Wise As A Serpent, Harmless As a Dove

Written by Davanzo, M.A.

Dedication:

This writing is dedicated to Jack Rosberg, the man who in my eyes, almost single handedly advocated for the least able minded to have an opportunity, through psychotherapeutic treatment, to live lives with the most amount of dignity, love and excellent professional care available for any human being struggling with the disorder of schizophrenia.

His personal outrage at the professional apathy surrounding the treatment of schizophrenia; the misguided and dangerous notion that psychotherapy has lost its place in treatment for schizophrenia, has fueled the fire for me to learn from him how to use the basic tenets of psychotherapy, as the first measure of intervention into the lives of those terrified souls, who have lost the hope of ever being reached or being able to reach back, of ever knowing what it is to receive love and care, or ever believing they could care enough to love back.

Is it not apathy, when we, as clinicians, have watched silently as the large, economically-biased arm of the field of psychopharmacology has reached into the lives of our clients, robbing them of their full human potential and dignity by merely medicating them into a mode of ‘treatment convenience and passivity,’ for the clinicians who have lost hope or patience or who lack proper training?

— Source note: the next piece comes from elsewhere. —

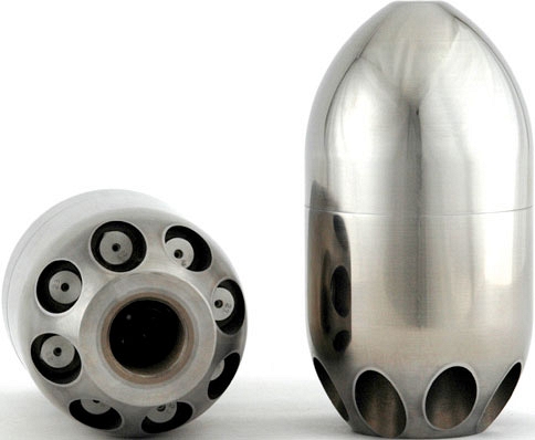- Оптимизированная система "3D Гидромеханикс": насадки для очистки канализационных сетей были разработаны с использованием оптимизированного "3D Гидромеханизма" – вода, выходящая из шланга высокого давления, плавно поворачивается на 180º, поступает во внутреннюю полость насадки и направляется непосредственно в керамические сопла по пяти осевым каналам (отшлифованных и с высокой точностью обработанных на станке типа CNC), а не трубок или желобов

Is it not apathy, behind the pathogenic hopelessness of my colleagues that makes me, as a beginning psychotherapist, disheartened to enter a career in psychotherapy; where I see and hear so many clinicians lose faith in their greatest tool and not advocate for its rightful place in treatment?  Is not psychotherapy, the bedrock upon which we can comfortably  add all other necessary modes of treatment; behavioral, psychosocial, medical?  Are we not in danger of reversing the order and missing our greatest human advantage of making a difference in another’s life?

Is it not deluded apathy when a clinician, like Jack Rosberg, is coined ‘the last of a dying breed’ because he valiantly and unapologetically continues to practice psychotherapy with his clients while refusing to accept the belief that schizophrenics can be most significantly helped by being medicated?  Have we lost sight of treating the schizophrenic as a whole person with a past and a present and an important future?

It is our internalized and now unconscious professional apathy, that has us forgetting that inside each schizophrenic lies the seeds to learn again to love and be loved as the unique individual that they are?  Do we cast aside the immense importance of the treatment alliance, where the client can again begin to meet the world and face their terrors of letting go of their defense of madness, within the safe and sacred container of the psychotherapeutic relationship?

Psychosis is the last of the psyche’s defenses left after the ego collapses in on itself.  The ensuing manifestations and variety of symptoms, seen in psychotics, is the metaphorical ambulance speeding to the emergency room whose address has long ago been lost.

The brilliance, albeit distorted behaviorally, of the well defended psychotic, is that they, who possessed even a last shred of strength, attempted to catch the last rung on the ladder (through psychotic behavior and thought) in an attempt to not perish into a list of not being, into the abyss (existential or not) of having no life, no hope, no meaning and no trust, or belief that anyone could help them understand or help heal the original terror that brought them to madness.

It is to these desperate human beings and their desperate attempts to find an answer to their way of being in the world, that will be met with interventions of hope of change and commitment to professional excellence, that I ask ‘What does our professionals apathy cost the vast population of schizophrenics who come to us expecting treatment?”

When I use the term professional apathy, I am not attempting to judge ourselves as trained clinicians but more directly, I am asking ourselves to soberly critique the possible outcomes for our clients, if we abandon our belief in active psychotherapy as a primary tool of treatment?  Can we, or our clients, run the risk of the practice of psychotherapy being relegated to a position of near clinical extinction, by our own lost hope of its effectiveness as a powerful tool to addressing and ameliorating an abundance of the psychological and behavioral symptoms that concretize around the disorder of schizophrenia?